One of the biggest advantages of STIX is that is transport-agnostic. The absence of a dependency on a concrete transport mechanism for its structure and serialization makes it flexible and adaptable. Besides, STIX mixes well with the Trusted Automated Exchange of Intelligence Information platform (TAXII), which has been specifically designed to transport STIX objects.
Other Options to normalize data
When standardising values located on a similar range, min-max normalization is a good choice. It is quite helpful when data values follow a uniform distribution, that is, there are just a few outliers and bounds are relatively close. Min-max normalization belongs to “scaling to a range” normalization techniques (Google Developers, 2020), a group of approaches where values are transformed into a more approachable range, usually between zero and one. An example of the usage of this technique is performed by Dark Web analysis software such as BiSAL (Al-Rowaily, et al., 2015).

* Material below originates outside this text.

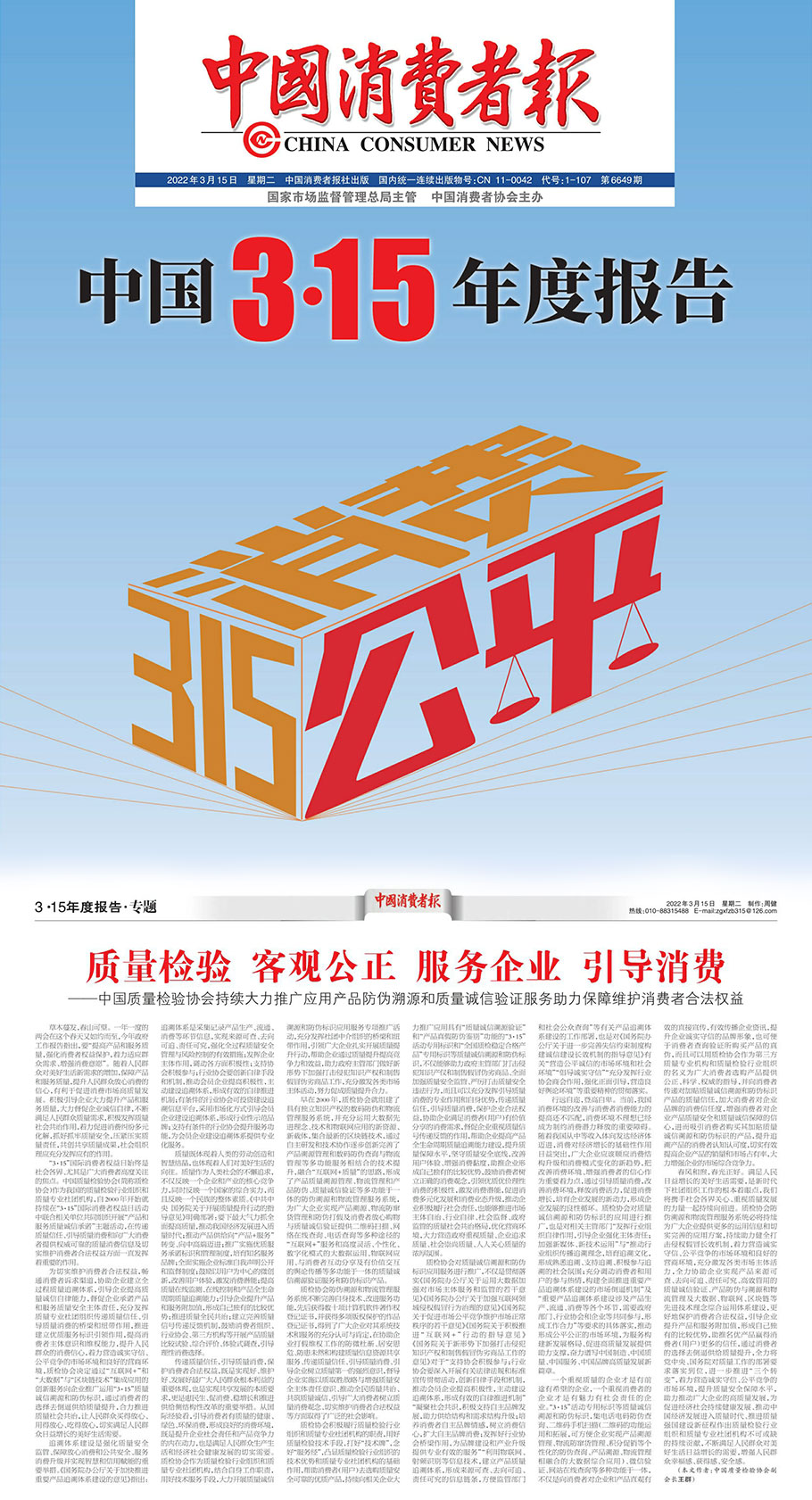 中國質(zhì)量報(3月15日刊第2版):推動質(zhì)量共治 優(yōu)化營商環(huán)境 共筑質(zhì)量誠信——中國質(zhì)量檢驗(yàn)協(xié)會攜手2000余家企業(yè)組織開展“3 ·15”產(chǎn)品和服務(wù)質(zhì)量誠信承諾主題活動
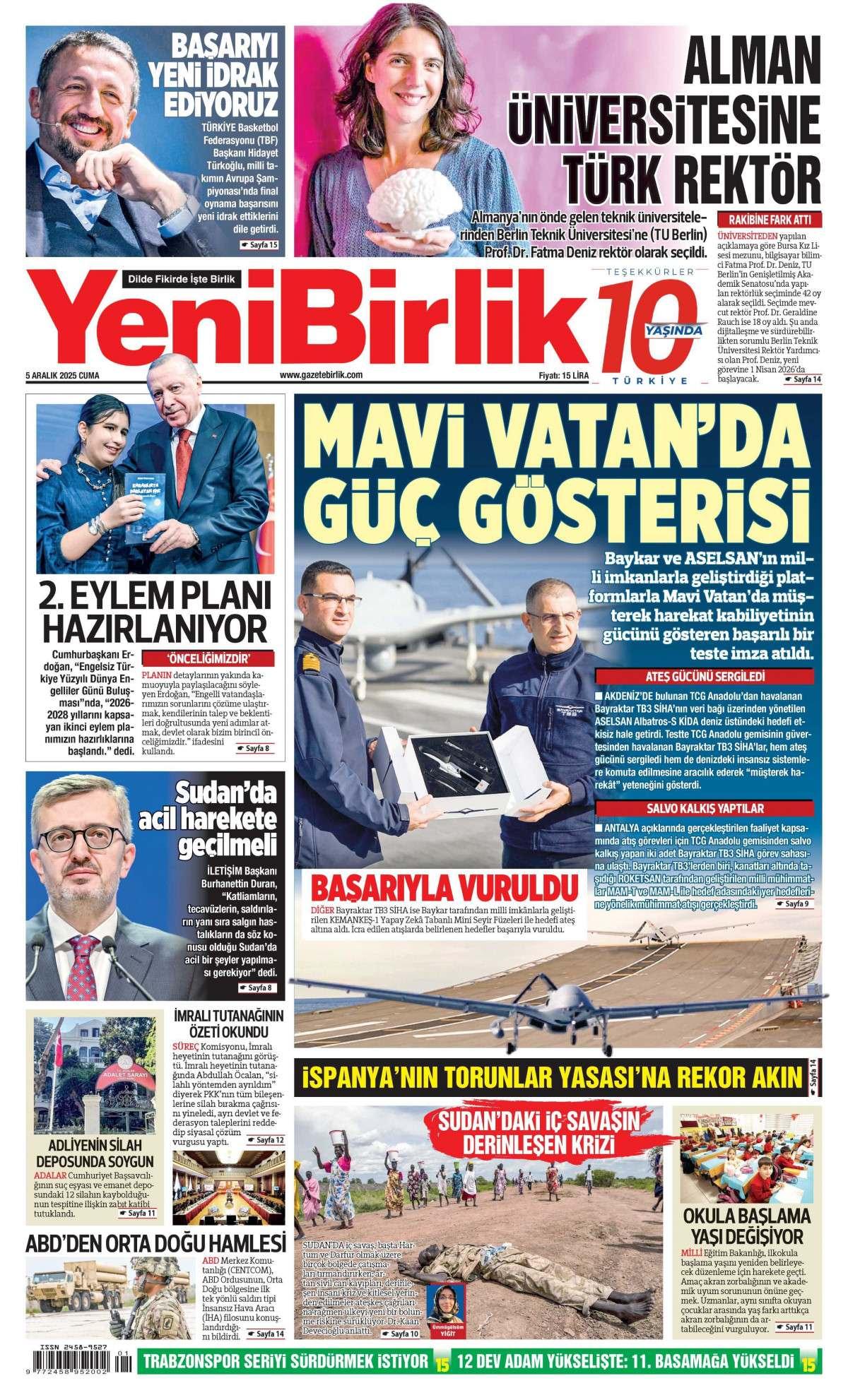Yeni Birlik Gazetesi 6 Aralık 2025 Günü Manşeti

A known variation of scaling techniques is z-score transformation. This approach focuses on deviations, that is, determining how a specific value differs from the mean. Main problem with z-score is that is best addressed to homogeneous datasets, that is, few outliers are allowed should the normalization technique shall be considered reliable.
On their behalf, logarithmic transformations help limiting datasets just in case they are populated with values with great variation. They perform a computation of the dataset log, which is the best approach where there exists just a bunch of values with a lot of points. They have been successfully tested regarding the normalization of alerts and events produced by probes of some critical infrastructures (Di Sarno, et al., 2016).
Another technique called square-root transformation deals with datasets where values are obtained from different sources, such as distinct tools. However, although it has proven to be effective when faced to Poison distributions (Barlett, 1936; Freeman & Tukey, 1950), it is worth mentioning that values under zero must be expressly handled, that is, added a variable to artificially raise the value above zero.
Although all described techniques are proven to be effective, extreme outliers could possibly minimize their stability and performance. A good approach is to rely on a feature clipping normalization technique, which allots outliers to a predefined, fixed value. It causes no harm since feature clipping can be performed either at the beginning or at the end of the normalization procedure. This kind of normalization can accurately predict incidents in activities on a network basis (Liu, et al., 2015).
Finally, Box-Cox normalization techniques (Box & Cox, 1964) demonstrated their effectiveness to identify optimal transformation for variables by just raising numbers to an exponent. They represent an alternative to be considered for data cleansing (Osborne, 2010) while, at the same time delivered higher performance compared to quantitative analysis employed by min-max or z-score techniques (Osborne, 2002).